*What you will do*
Your output should be the lines below from the one with "Plus Size Christmas" through the one with "Monogram hot pink", copied exactly, pictures excluded.

*Input*
=== Begin Enclosure ===

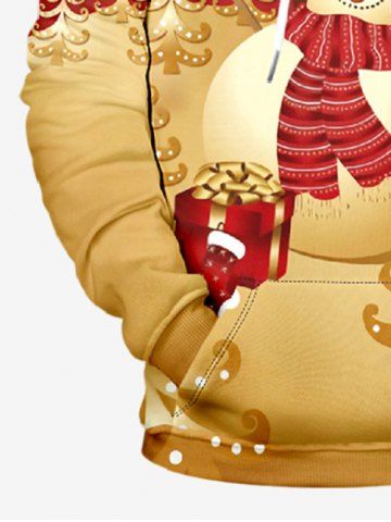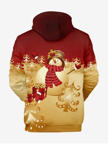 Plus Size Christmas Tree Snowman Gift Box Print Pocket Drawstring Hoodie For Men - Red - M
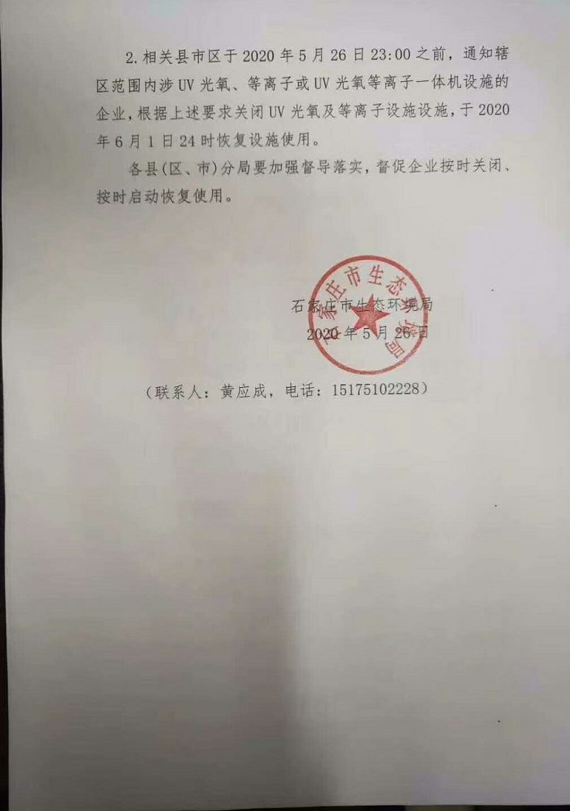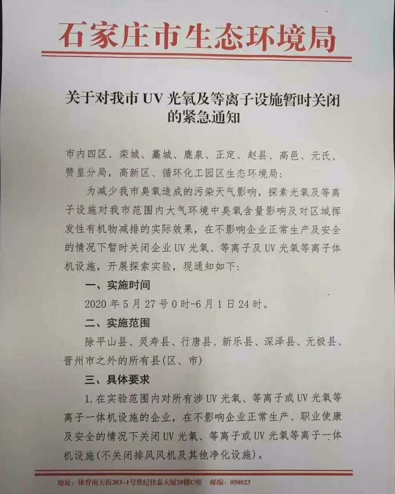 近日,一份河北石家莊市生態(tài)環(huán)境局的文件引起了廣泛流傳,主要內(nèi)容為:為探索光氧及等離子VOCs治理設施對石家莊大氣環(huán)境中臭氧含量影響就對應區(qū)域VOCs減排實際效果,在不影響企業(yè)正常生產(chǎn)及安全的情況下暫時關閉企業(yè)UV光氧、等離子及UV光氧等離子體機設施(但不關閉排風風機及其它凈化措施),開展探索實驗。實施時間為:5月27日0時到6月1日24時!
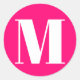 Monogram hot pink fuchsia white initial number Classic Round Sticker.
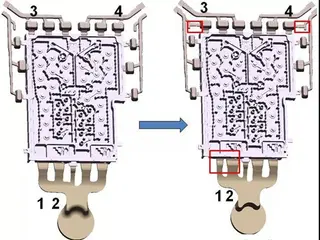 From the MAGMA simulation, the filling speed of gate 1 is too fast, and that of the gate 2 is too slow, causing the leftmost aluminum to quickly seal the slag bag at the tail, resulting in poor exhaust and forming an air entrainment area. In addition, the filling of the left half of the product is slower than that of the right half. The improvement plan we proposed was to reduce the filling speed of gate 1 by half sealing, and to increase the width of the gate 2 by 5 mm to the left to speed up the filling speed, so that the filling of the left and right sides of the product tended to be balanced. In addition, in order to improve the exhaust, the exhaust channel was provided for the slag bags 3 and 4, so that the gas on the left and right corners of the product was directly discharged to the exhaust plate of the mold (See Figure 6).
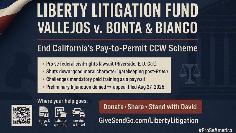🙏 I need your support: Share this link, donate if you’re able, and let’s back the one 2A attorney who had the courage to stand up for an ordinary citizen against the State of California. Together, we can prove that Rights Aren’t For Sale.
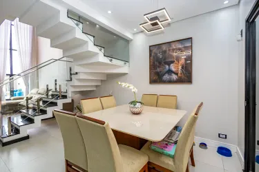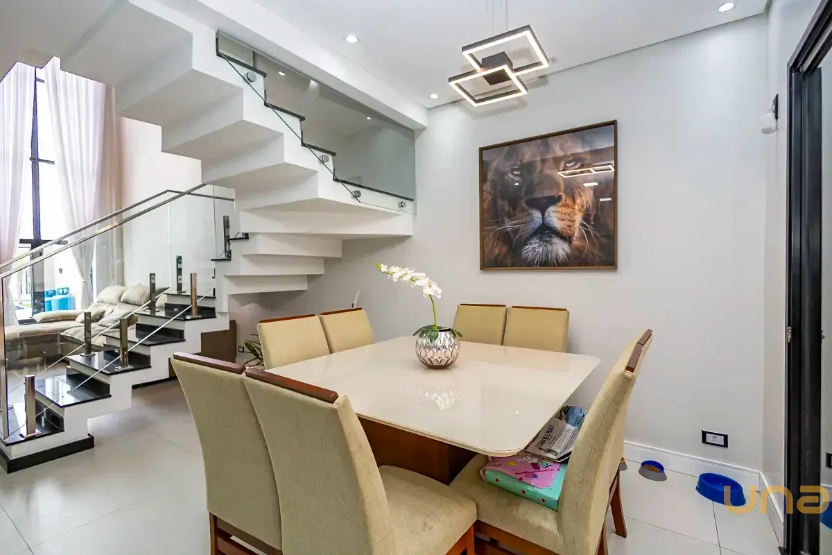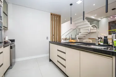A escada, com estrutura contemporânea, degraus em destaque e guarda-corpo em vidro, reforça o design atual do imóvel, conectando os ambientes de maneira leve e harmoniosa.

=== End Enclosure ===
=== Begin Enclosure ===

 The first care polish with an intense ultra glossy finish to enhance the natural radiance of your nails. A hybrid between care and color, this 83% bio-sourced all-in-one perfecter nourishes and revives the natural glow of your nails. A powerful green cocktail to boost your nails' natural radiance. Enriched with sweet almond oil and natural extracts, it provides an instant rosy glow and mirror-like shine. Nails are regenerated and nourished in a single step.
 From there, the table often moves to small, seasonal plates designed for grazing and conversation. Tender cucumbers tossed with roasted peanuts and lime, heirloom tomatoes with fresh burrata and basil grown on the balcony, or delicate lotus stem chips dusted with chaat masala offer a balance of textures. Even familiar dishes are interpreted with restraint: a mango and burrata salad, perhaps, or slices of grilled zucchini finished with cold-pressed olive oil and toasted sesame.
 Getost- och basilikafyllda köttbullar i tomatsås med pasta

=== End Enclosure ===

*Result of the task*
 Plus Size Christmas Tree Snowman Gift Box Print Pocket Drawstring Hoodie For Men - Red - M
 近日,一份河北石家莊市生態(tài)環(huán)境局的文件引起了廣泛流傳,主要內(nèi)容為:為探索光氧及等離子VOCs治理設施對石家莊大氣環(huán)境中臭氧含量影響就對應區(qū)域VOCs減排實際效果,在不影響企業(yè)正常生產(chǎn)及安全的情況下暫時關閉企業(yè)UV光氧、等離子及UV光氧等離子體機設施(但不關閉排風風機及其它凈化措施),開展探索實驗。實施時間為:5月27日0時到6月1日24時!
 Monogram hot pink fuchsia white initial number Classic Round Sticker.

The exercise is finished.